#### Task brief
Produce a copy of every line in the records that holds the string "Figure".

——————

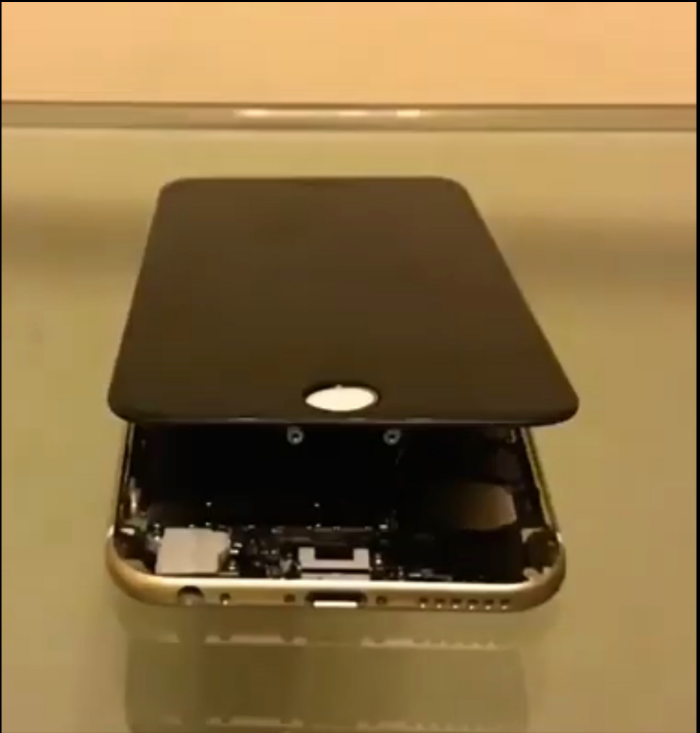
The phone halfway opened
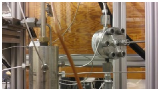
Figure 3: Equilibar U6L installed in lab

Figure 3 is a photograph of the Equilibar U6L in use in the lab equipment. Nitrogen gas is used to supply the pilot setpoint to the Equilibar U6L regulator.
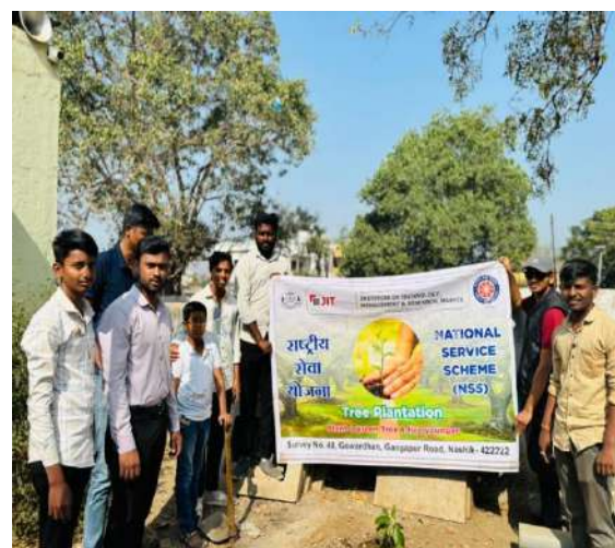
Tree Plantation by NSS Students volunteer
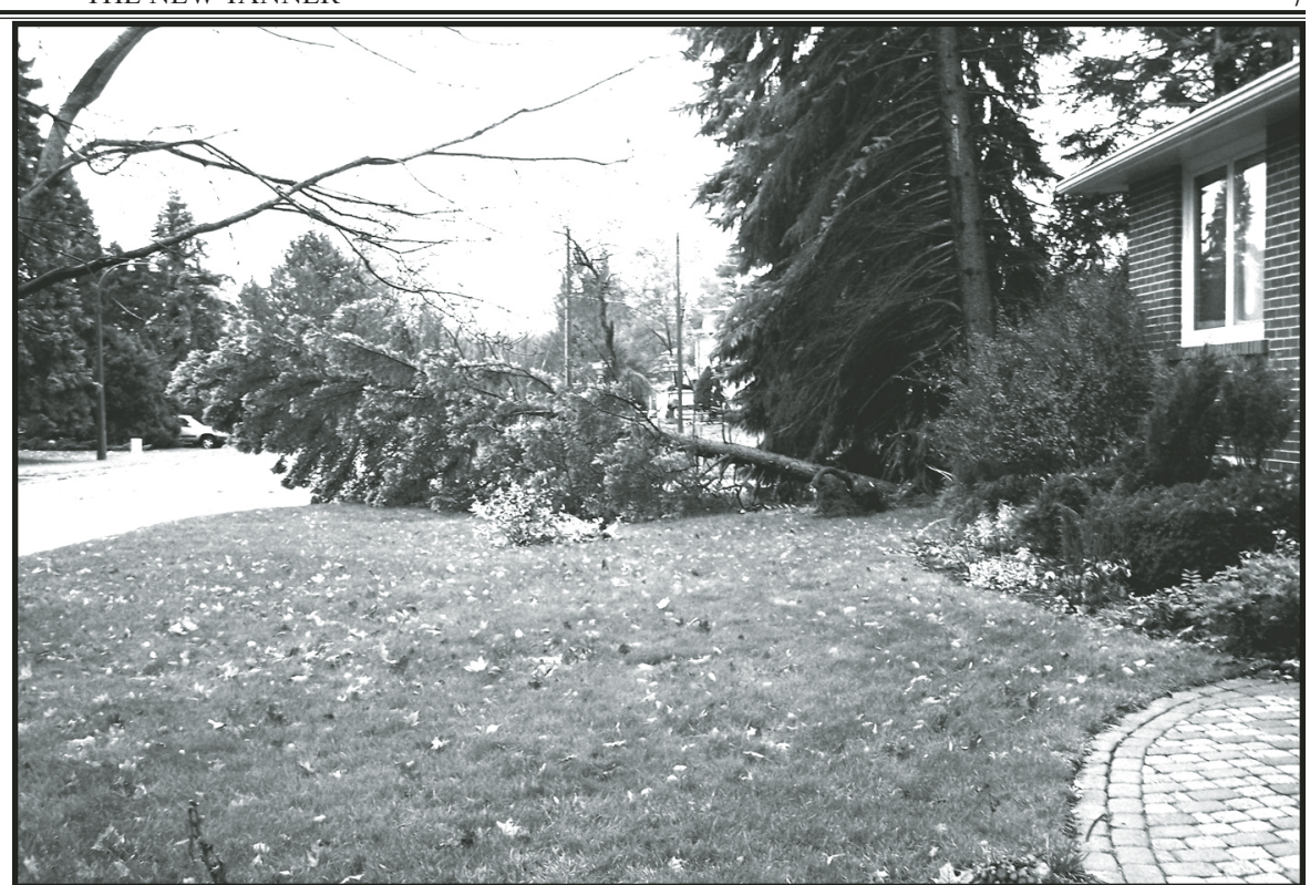
STORM DAMAGE: For the second time in recent years, owners of the property at Tidey Avenue and Elizabeth Drive lost a tree during high winds. This pine tree was downed early Tuesday morning.

Patrolling Enforcement Officers can issue tickets or have offending vehicles towed. Because improper snow and ice clearing can be hazardous to vehicles and pedestrians, the Town asks people not to push shovelled snow across roads as it makes rod icy.
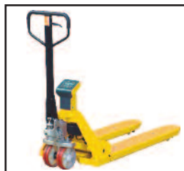
Code M20LWP Weigher with Printer
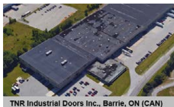
TNR Industrial Doors Inc., Barrie, ON (CAN)
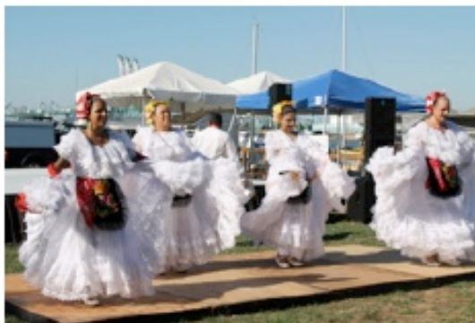
(stage on left, added wooden floor on right. Outdoor Marley covered stage approximately 32 x 28 feet.)
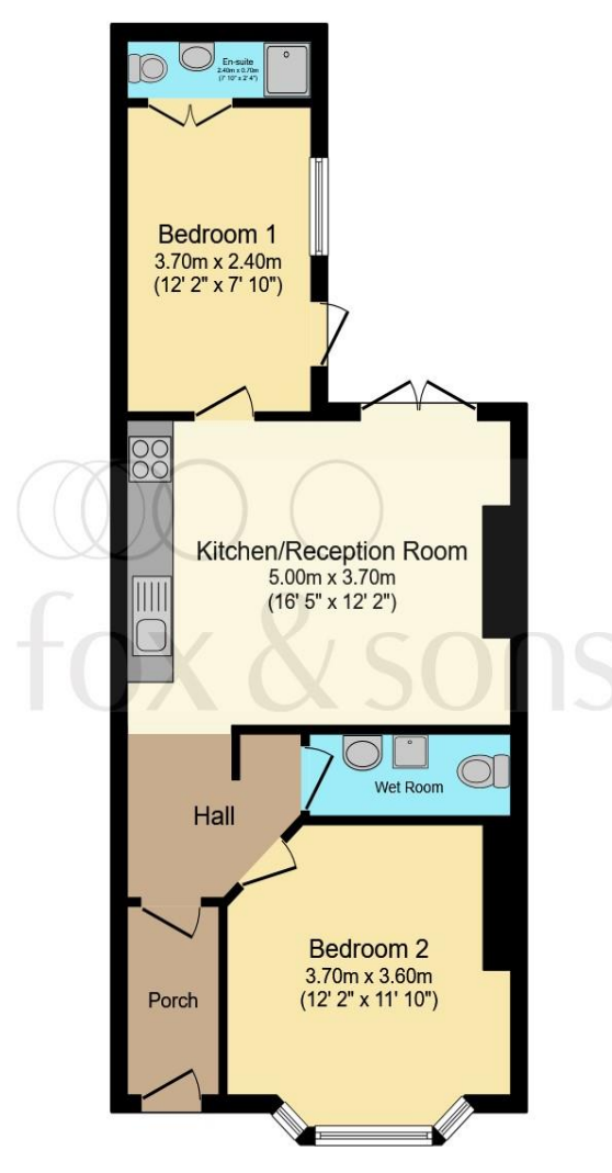
Total floor area 52.7 sq.m. (568 sq.ft.) approx

This floorplan is for illustrative purposes only and is not drawn to scale. Measurements, floor-areas, openings and orientations are approximate. They should not be relied upon for any purpose and do not form any part of an agreement. No liability is taken for any error or mis-statement. All parties must rely on their own inspections.
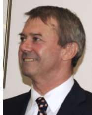
Catalin Ghenea Consul General of Romania
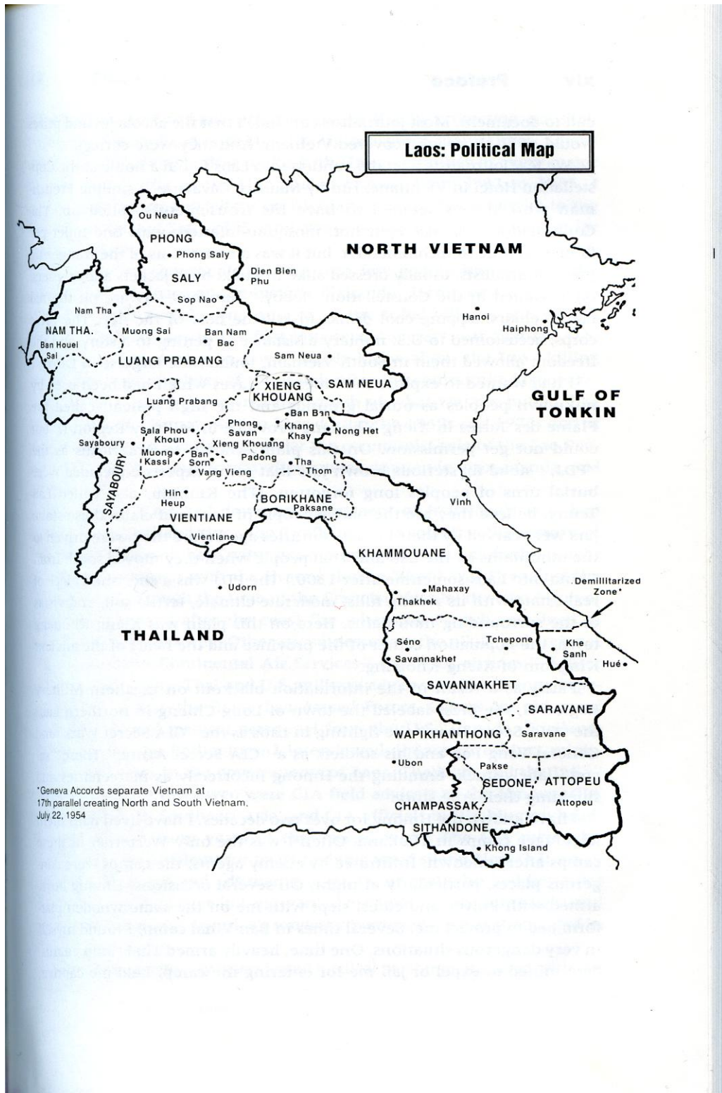
Map of Laos showing Xieng Khouang and the other northern provinces where the Hmong settled.
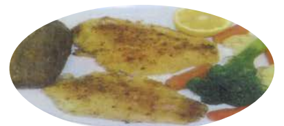
Catfish Parmesan Two catfish fillets seasoned Parmesan style and grilled with choice of potato and Soup or Salad | 14.99

——————

#### Reply
Figure 3: Equilibar U6L installed in lab
Figure 3 is a photograph of the Equilibar U6L in use in the lab equipment. Nitrogen gas is used to supply the pilot setpoint to the Equilibar U6L regulator.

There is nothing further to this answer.